RESEARCH SCHOOL OF FINANCE, ACTUARIAL STUDIES AND STATISTICS
REGRESSION MODELLING
(STAT4038/STAT6038)
Assignment 1 for Semester 1, 2023
Due date: 3:00 pm (Canberra time) on Friday, 31 March 2023
INSTRUCTIONS:
This assignment is worth 15% of your overall marks for this course.
You must complete this assignment by yourself. If you copy someone else’s work or
allow your work to be copied, you will receive a mark of zero for the assignment and
risk very severe academic consequences.
Your report should be submitted to Turnitin on Wattle as a single pdf document (less
than 25MB), including the following:
1. The assignment cover sheet (available to download from Wattle).
2. Your assignment (a maximum of 10 pages).
3. An appendix including the R codes you used.

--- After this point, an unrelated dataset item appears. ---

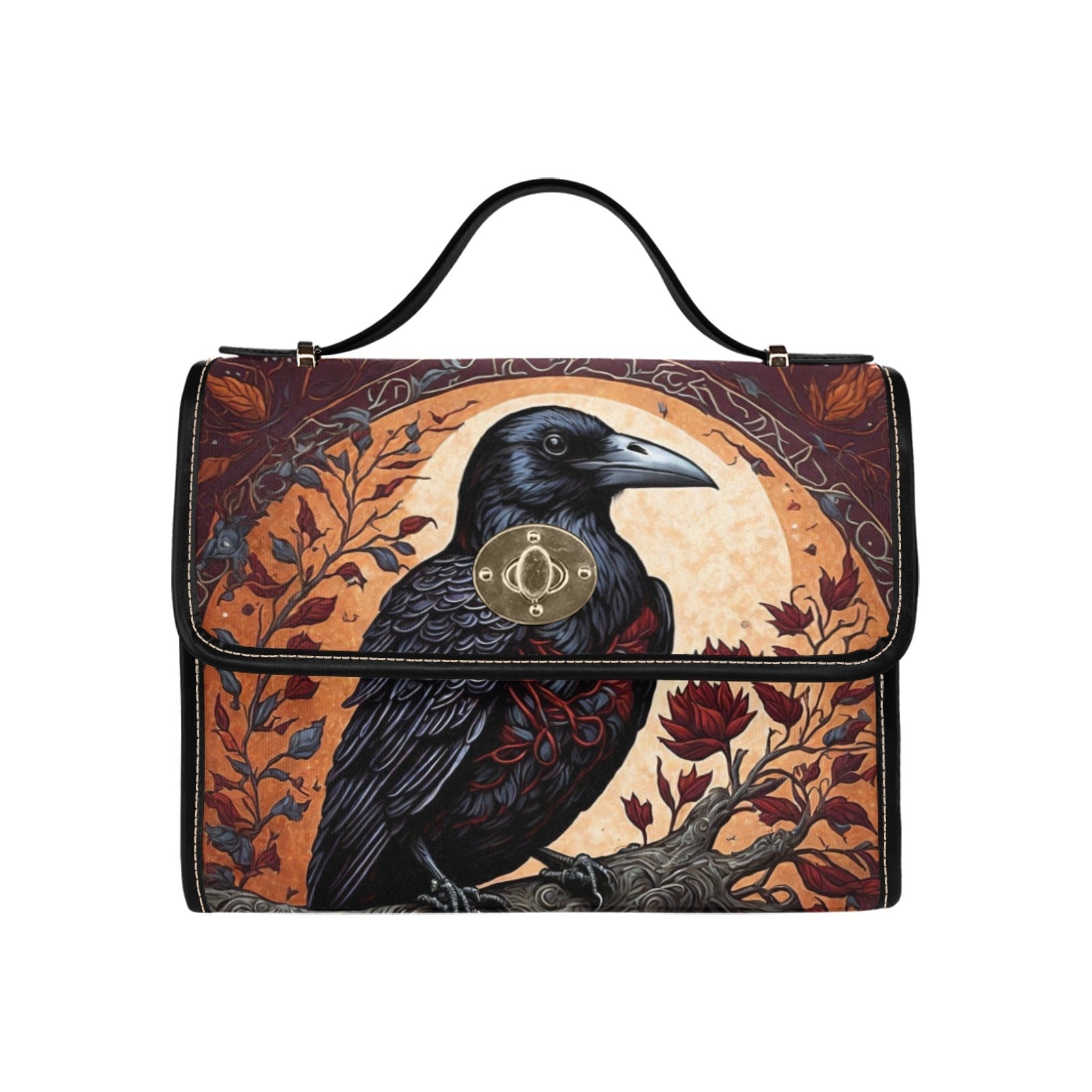 This one of our awesome original designs, featuring a raven on a tree branch with a orange theme and red flowers. Awe your friends and acquaintances when you bring this bag to your lunch with friends or the office. Use it to carry books to class along with your personal items.

Failure to upload the R code will
result in a penalty.
When submitting your assignments, please ensure that they are typed. You may
include some edited R output, such as graphs and tables, showing the results of your
data analysis and a discussion of these results. Additionally, you may include carefully
selected code to support your analysis. It is important to be selective about what you
present and only include as many pages and as much R output as necessary to justify
your solution. Please label each part of your report with the corresponding question
number to make it easier for the reader to follow your work.

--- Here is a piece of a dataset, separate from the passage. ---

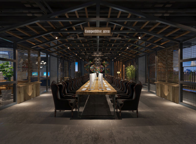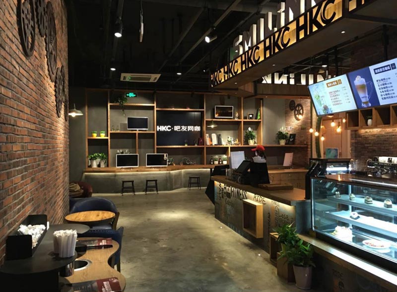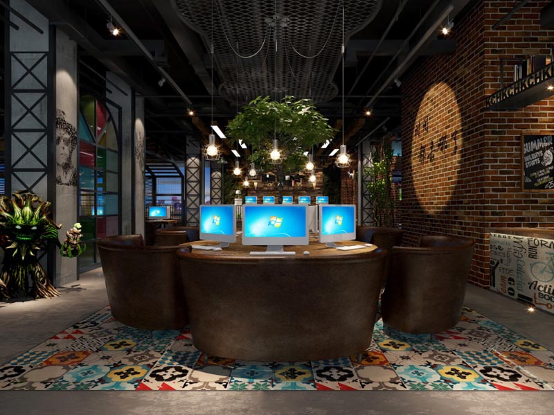 合肥網(wǎng)咖裝修:美式風(fēng)格咖啡廳網(wǎng)吧室內(nèi)空間設(shè)計方案(含效果圖+實景圖)

Unless otherwise advised, use a significance level of 5%. Round numeric answers to 4
decimal places (e.g., 0.0012).
To ensure that your report is concise and meets the expectations of the assignment,
please follow the instructions carefully. Note that marks may be deducted if the
instructions are not strictly followed. Specifically, the report should be no longer than
10 pages, including graphs and tables. However, you may include an appendix in
addition to the 10-page limit. Please note that the appendix will not be assessed but
will be checked only if there is a question about what you have actually done.
Name your report “Course code-Uid”, e.g., “STAT2008-u1234567”.

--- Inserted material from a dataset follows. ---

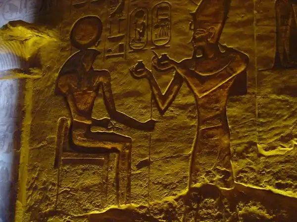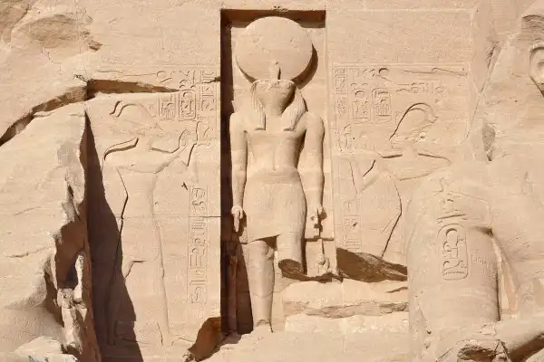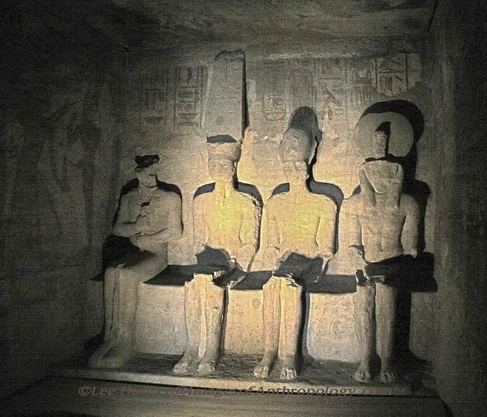 Вход в Большой храм Абу-Симбела ориентирован на восток. Первые лучи солнца, освещая фасад, проникают во внутреннее пространство – сначала в первый зал, с четырехгранными колоннами-столбами и статуями фараона в образе бога Осириса, затем во второй зал, и далее – в святилище. В его самом дальнем конце располагались статуи богов и фигура фараона Рамсеса II. Два раза в год лучи восходящего солнца падали на статуи Рамсеса, Амона и Ра-Хорахте; четвертая фигура, бога Птаха, не освещалась никогда: Птах – владыка подземного мира, и солнце ему ни к чему, он должен вечно пребывать во тьме.

To avoid any unexpected issues, such as internet connectivity problems, please aim to
submit your assignment at least 15 minutes before the deadline.
Please note that late submissions will NOT be accepted. If you require an extension, it
will be granted on medical or compassionate grounds, provided that appropriate
evidence is produced. However, obtaining the lecturer’s permission for an extension
at least 24 hours before the deadline is essential.
Analysing Used Car Prices with Simple Linear Regression
You have been provided with a dataset containing information on 818 used Toyota cars. The data
includes the year of manufacture (Year), model name (Model), odometer reading in kilometres
(Odometer), transmission type (Transmission), power type (Power), and the asking price in $AUD for
each car (AskPrice). Your goal is to use simple linear regression to analyze the data and answer the
following questions:
1. Is a seller asking a reasonable price for the car?
2. Is the seller asking a lower price than the market price for the car?
3. Is the seller asking a higher price than the market price for the car?
Therefore, we will be using the asking price of a vehicle as the response variable and the odometer
reading and the year it was manufactured as the predictor variables in this assignment.
To complete the assignment, you need to perform the following tasks:
(a) [5 marks] Exploring the predictor variable, Odometer, through appropriate graphic diagnostics
and descriptive statistics can assist in identifying any outliers in the variable and provide
insight into the range of validity for the regression analysis based on the concentration and
range of the variable levels. Explore the predictor variables, Odometer and Year, one at a time,
using appropriate graphical diagnostics and descriptive statistics. Based on your analysis, what
conclusions can you draw about these variables?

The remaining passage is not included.